Task requirements: Go through the listing below and write out exactly the lines from the one that mentions "KinderKraftKK口" through the one that mentions "Po dojeździe pierwszego", minus the pictures.

Exercise data:
----

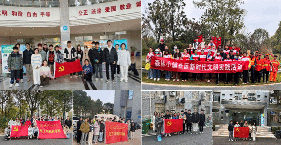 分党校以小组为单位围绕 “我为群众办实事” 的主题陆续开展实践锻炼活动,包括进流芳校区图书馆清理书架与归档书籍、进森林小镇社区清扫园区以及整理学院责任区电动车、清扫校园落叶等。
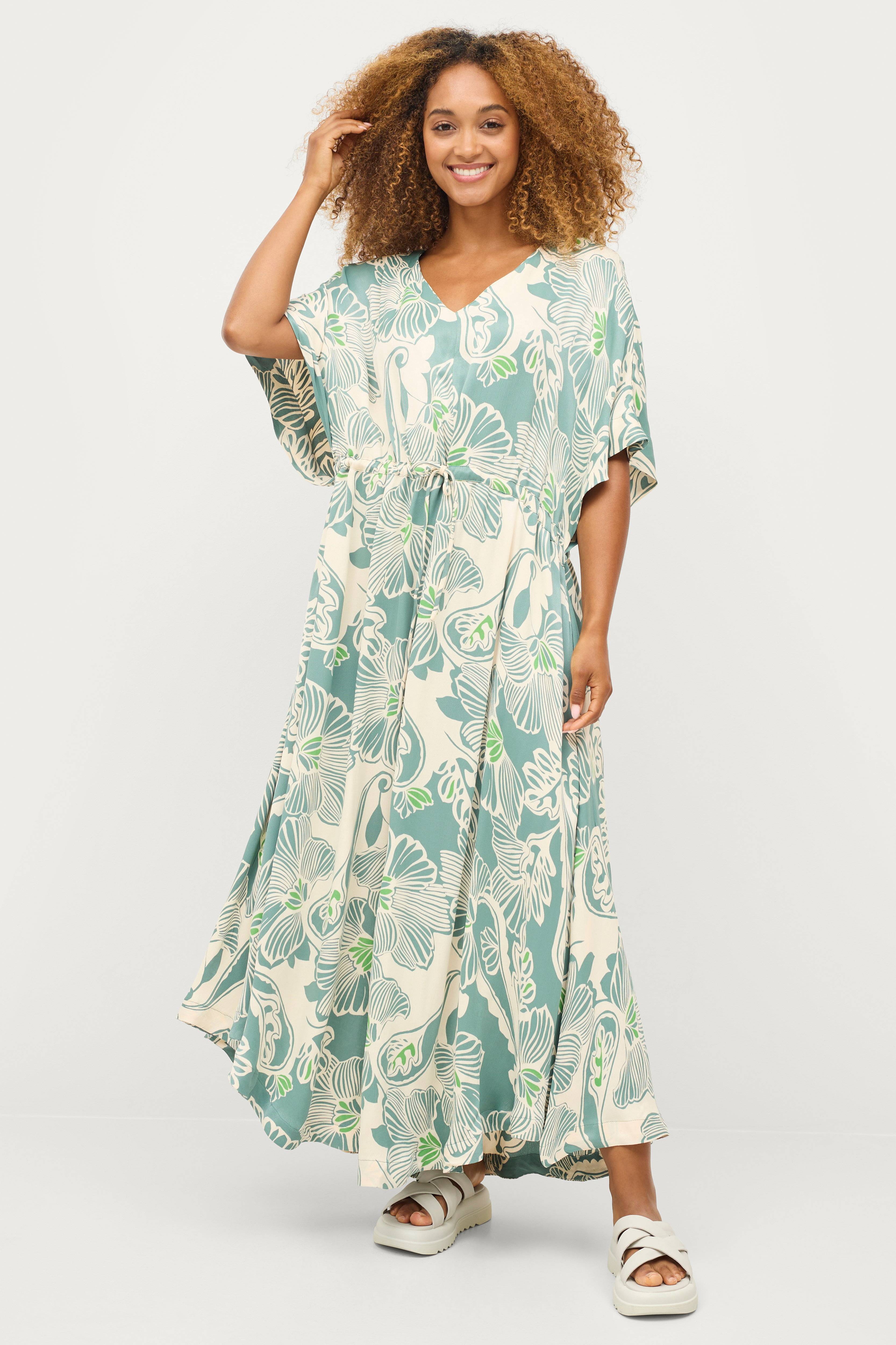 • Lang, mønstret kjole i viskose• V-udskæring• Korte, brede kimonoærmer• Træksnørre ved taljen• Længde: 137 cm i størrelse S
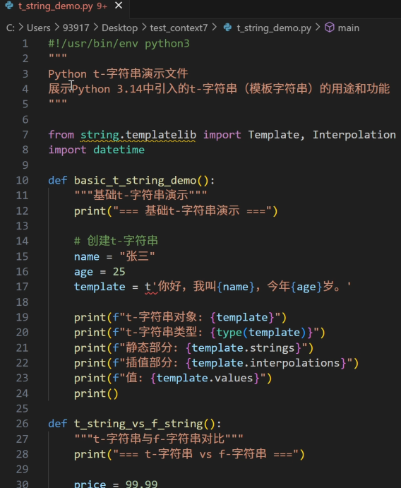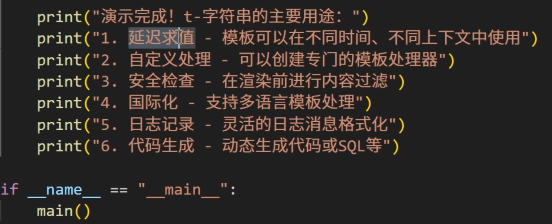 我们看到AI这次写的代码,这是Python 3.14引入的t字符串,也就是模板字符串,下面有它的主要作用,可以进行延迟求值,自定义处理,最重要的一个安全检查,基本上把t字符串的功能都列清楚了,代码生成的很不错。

----

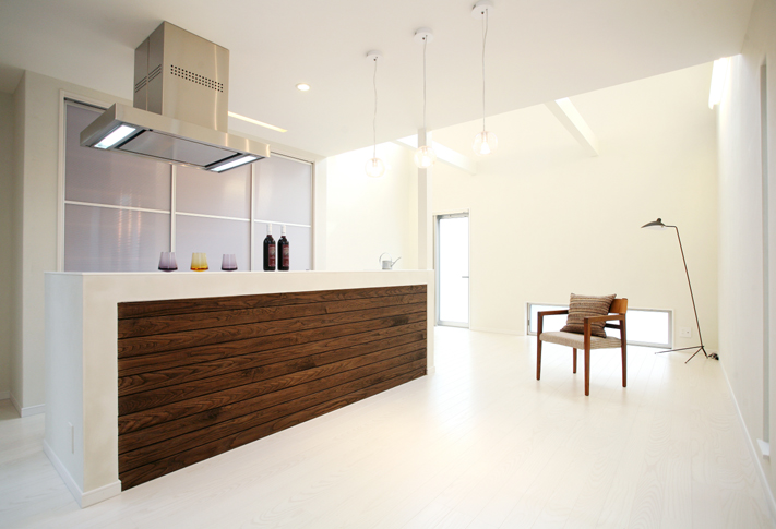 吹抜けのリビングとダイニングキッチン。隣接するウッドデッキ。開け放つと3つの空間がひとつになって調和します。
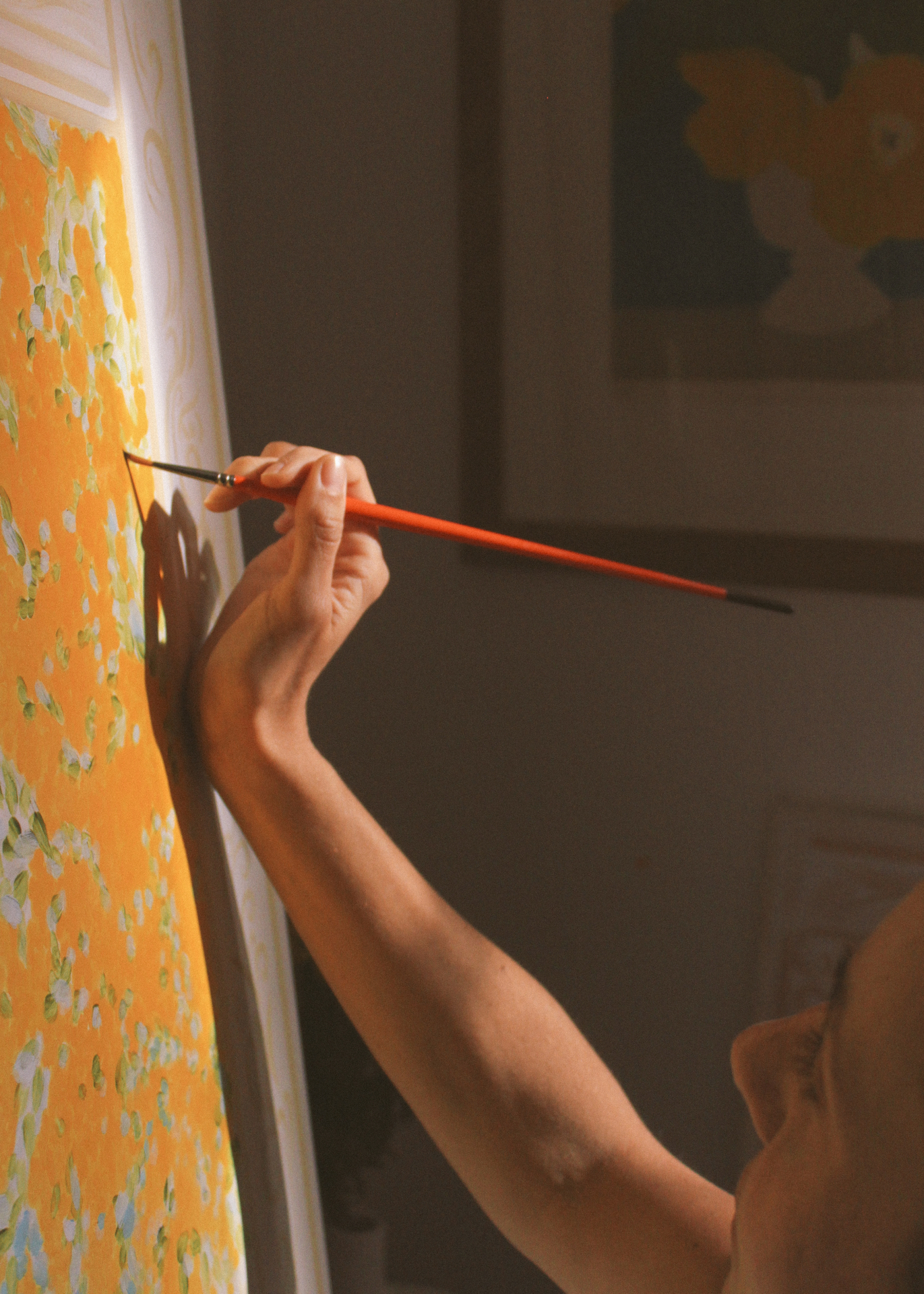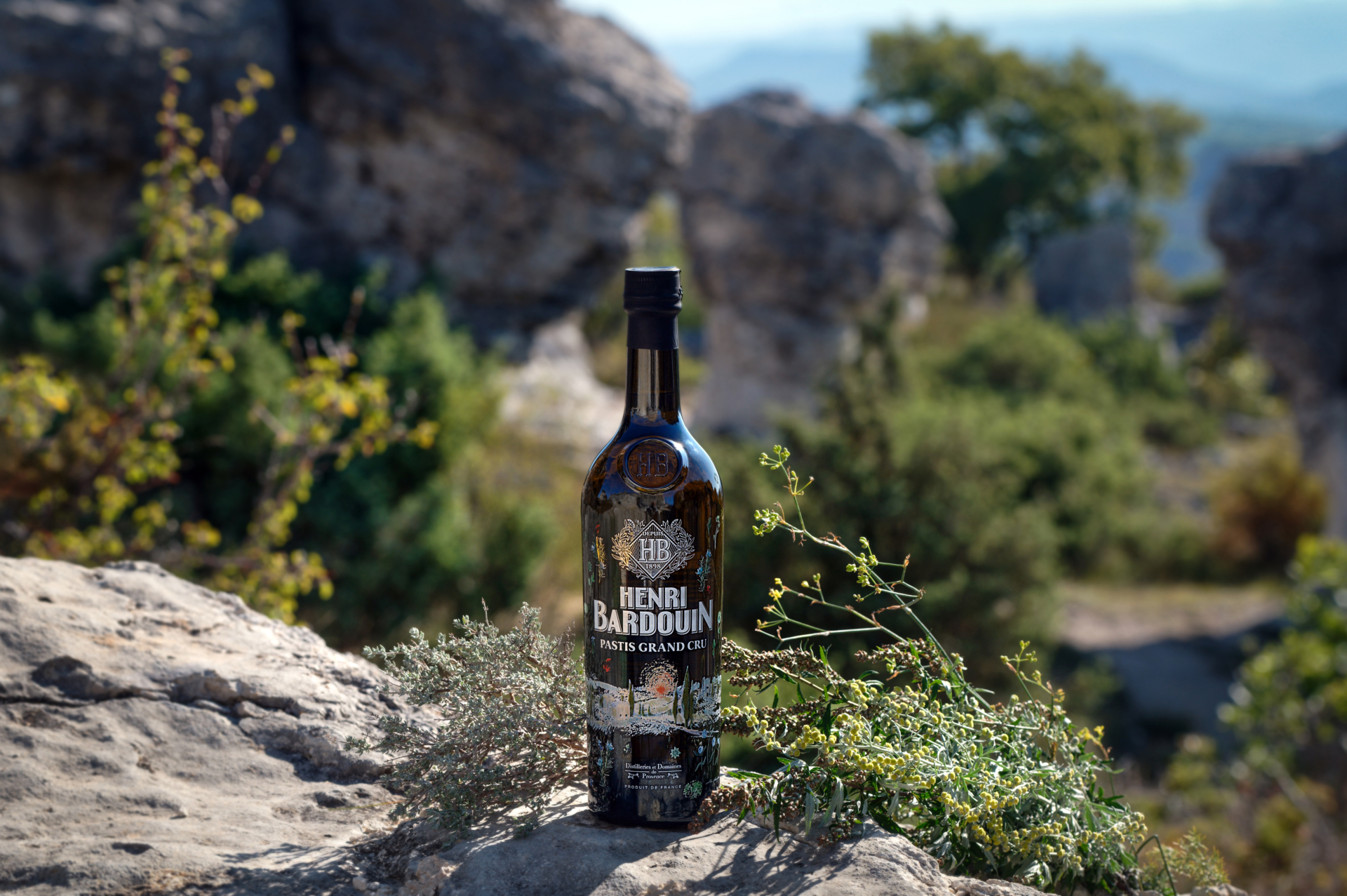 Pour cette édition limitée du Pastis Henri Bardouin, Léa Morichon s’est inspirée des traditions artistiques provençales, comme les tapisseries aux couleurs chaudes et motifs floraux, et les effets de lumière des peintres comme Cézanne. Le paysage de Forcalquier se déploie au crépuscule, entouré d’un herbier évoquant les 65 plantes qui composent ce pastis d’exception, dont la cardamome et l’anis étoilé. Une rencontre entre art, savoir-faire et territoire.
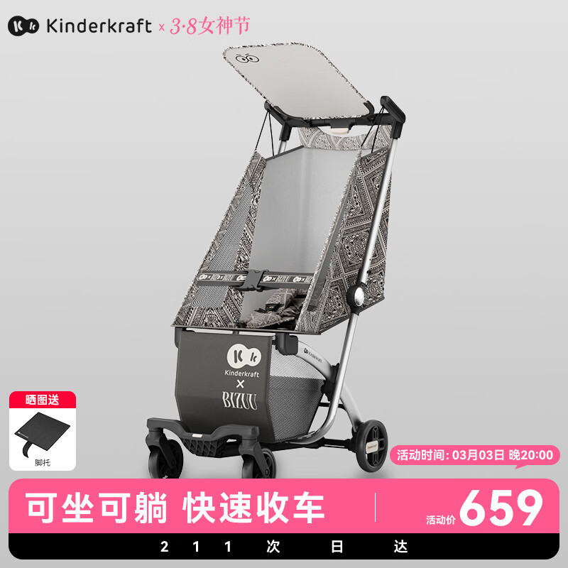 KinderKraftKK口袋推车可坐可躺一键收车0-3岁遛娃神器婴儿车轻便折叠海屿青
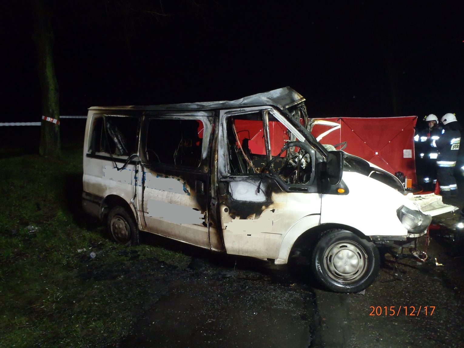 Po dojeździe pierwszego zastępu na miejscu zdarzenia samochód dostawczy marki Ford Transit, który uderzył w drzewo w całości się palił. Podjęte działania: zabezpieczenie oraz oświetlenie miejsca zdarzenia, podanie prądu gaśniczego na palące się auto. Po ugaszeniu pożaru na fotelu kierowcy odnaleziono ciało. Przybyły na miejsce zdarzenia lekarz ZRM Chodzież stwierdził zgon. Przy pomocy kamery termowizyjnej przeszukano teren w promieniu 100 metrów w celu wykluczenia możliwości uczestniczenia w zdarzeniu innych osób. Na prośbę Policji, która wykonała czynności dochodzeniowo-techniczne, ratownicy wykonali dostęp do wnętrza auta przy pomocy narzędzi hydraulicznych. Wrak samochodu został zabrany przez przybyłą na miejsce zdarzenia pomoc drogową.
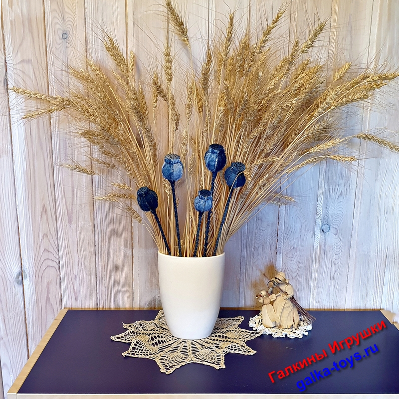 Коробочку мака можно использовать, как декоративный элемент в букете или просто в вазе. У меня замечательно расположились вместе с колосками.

----

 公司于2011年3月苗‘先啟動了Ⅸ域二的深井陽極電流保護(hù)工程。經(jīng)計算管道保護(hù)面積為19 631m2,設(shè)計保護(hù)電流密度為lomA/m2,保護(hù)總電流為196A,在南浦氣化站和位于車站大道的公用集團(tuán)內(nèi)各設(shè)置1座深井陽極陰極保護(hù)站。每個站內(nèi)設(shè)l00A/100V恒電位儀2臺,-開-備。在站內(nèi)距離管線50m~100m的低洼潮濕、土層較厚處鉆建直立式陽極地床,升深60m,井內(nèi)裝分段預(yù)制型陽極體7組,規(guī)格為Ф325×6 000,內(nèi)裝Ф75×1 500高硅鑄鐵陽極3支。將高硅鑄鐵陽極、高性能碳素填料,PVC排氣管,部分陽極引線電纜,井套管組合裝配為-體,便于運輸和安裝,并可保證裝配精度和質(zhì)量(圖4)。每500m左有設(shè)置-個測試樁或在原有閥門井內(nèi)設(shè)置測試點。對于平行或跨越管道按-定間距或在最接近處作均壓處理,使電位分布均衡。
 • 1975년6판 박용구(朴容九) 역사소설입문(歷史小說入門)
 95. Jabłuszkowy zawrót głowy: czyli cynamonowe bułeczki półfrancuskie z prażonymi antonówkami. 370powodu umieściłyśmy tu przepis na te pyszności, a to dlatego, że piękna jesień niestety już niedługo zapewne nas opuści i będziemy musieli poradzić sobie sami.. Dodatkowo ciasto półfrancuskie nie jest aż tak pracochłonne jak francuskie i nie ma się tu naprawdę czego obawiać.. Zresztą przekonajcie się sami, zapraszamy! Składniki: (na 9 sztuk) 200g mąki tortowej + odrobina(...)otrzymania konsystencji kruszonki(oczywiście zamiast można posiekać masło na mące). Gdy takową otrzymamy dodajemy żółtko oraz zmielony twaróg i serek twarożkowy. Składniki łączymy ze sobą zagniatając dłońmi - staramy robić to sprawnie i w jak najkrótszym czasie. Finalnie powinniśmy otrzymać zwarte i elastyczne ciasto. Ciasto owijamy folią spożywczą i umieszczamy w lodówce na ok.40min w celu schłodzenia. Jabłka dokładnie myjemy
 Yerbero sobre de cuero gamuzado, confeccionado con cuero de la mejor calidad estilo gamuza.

----

Solution below:
 KinderKraftKK口袋推车可坐可躺一键收车0-3岁遛娃神器婴儿车轻便折叠海屿青
 Po dojeździe pierwszego zastępu na miejscu zdarzenia samochód dostawczy marki Ford Transit, który uderzył w drzewo w całości się palił. Podjęte działania: zabezpieczenie oraz oświetlenie miejsca zdarzenia, podanie prądu gaśniczego na palące się auto. Po ugaszeniu pożaru na fotelu kierowcy odnaleziono ciało. Przybyły na miejsce zdarzenia lekarz ZRM Chodzież stwierdził zgon. Przy pomocy kamery termowizyjnej przeszukano teren w promieniu 100 metrów w celu wykluczenia możliwości uczestniczenia w zdarzeniu innych osób. Na prośbę Policji, która wykonała czynności dochodzeniowo-techniczne, ratownicy wykonali dostęp do wnętrza auta przy pomocy narzędzi hydraulicznych. Wrak samochodu został zabrany przez przybyłą na miejsce zdarzenia pomoc drogową.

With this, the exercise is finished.